Varios periódicos de Estados Unidos han tildado al comic de xenofóbico y de hacer apología de las drogas, comentarios que no dejan de estar muy relacionados con las elecciones de noviembre. La importancia del voto latino en Estados Unidos ha aumentado enormemente, pues ya existen segundas generaciones de latinos que son ciudadanos norteamericanos votantes y que buscan presidentes que defiendan sus derechos como minoría (esos votos, por lo general, se van hacia el candidato demócrata, casi siempre más tolerante que el republicano).

Pero la cuestión, en realidad, es que el comic de SnowFlame no es ofensivo, si bien está lleno de un humor que puede ser delicado. Sí, el personaje es un narco colombiano, un cliché que ha estigmatizado a los ciudadanos de Colombia por décadas y que es además una gran desventaja para los latinos que viven en Estados Unidos, pues tienen que enfrentarse con los prejuicios asociados a su nacionalidad. Pero que el personaje meta cocaína y sea colombiano no es un llamado a la generalización de un estereotipo, es simplemente el uso, en una historieta, de un cliché que ya existe. Además, en la propia Colombia se han producido telenovelas (se recién estrena una sobre Pablo Escobar), películas y libros que cuentan las historias de sus capos y de la gente que los padeció.

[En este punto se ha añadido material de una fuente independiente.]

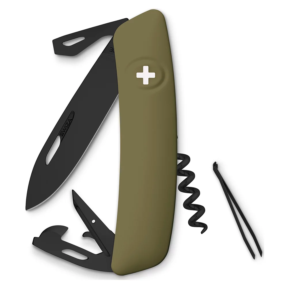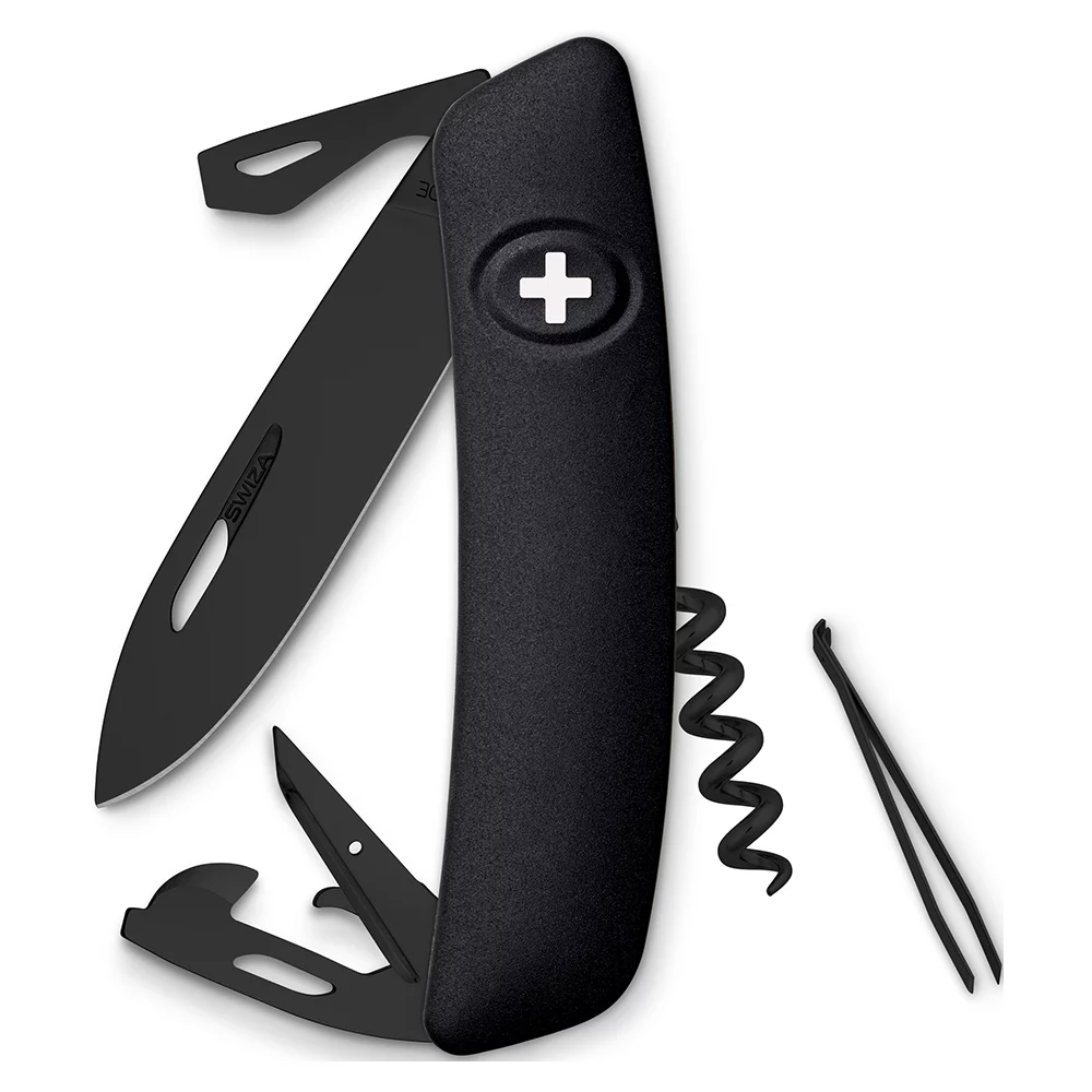 Swiss Made, in edlem Design - mit extra starker Klinge (75mm) aus rostfreiem Edelstahl (440/ 57 HRC) mit einer hoch widerstandsfähigen, tiefschwarzen Hightech-Beschichtung sowie angenehmer, robuster Soft Touch (Anti-Rutsch) Oberfläche - präsentiert sich dieses Kultobjekt Funktionen: Messer, Stech- und Bohrahle, Nähahle, Flaschenöffner, Drahtbieger, Dosenöffner, Schlitzschraubendreher Nr.

Es cierto que yo no nací en Colombia pero mi familia es colombiana y ese estigma ha estado también muy cerca de mí y de los míos, así que me siento en capacidad de entenderlo. Todos padecemos el mal de ser etiquetados pero no tenemos que armar un drama alrededor del uso de un cliché, porque la verdad es que todos los usamos como referencia, hacen parte de nuestro imaginario colectivo y, como los prejuicios, son muy difíciles de dejar de lado.

SnowFlame es un villano, no un héroe. Está claro durante todo el comic (los 16 capítulos que se han publicado) que el malo de la película es el que se mete cocaína para poderse sentir poderoso. Además, en una de las entregas, la autora pone a Raven (una heroína) a decir expresamente: “Tu fuego solo puede asemejarse al quemar caótico de los pensamientos de un adicto (…) la cocaína es la fuente de ambos tu poder y tus límites”.

“Entiendo que el comic usa el estereotipo del capo colombiano, pero mi intención no es ofender a los latinos. Espero que SnowFlame pueda trascender el estereotipo y se convierta en un personaje totalmente desarrollado y creíble”, ha dicho la artista que revivió a este villano, quien se ha tenido que disculpar en varios medios y explicar que no tiene malas intenciones.

Señores norteamericanos, tengan sentido del humor y dejen el drama anti xenofóbico, porque esa atención exagerada sobre el tema solo demuestra la hipocresía de sus comentarios y que su único interés es jalar al electorado latino en dirección Obama.

 

Daniella Mendoza.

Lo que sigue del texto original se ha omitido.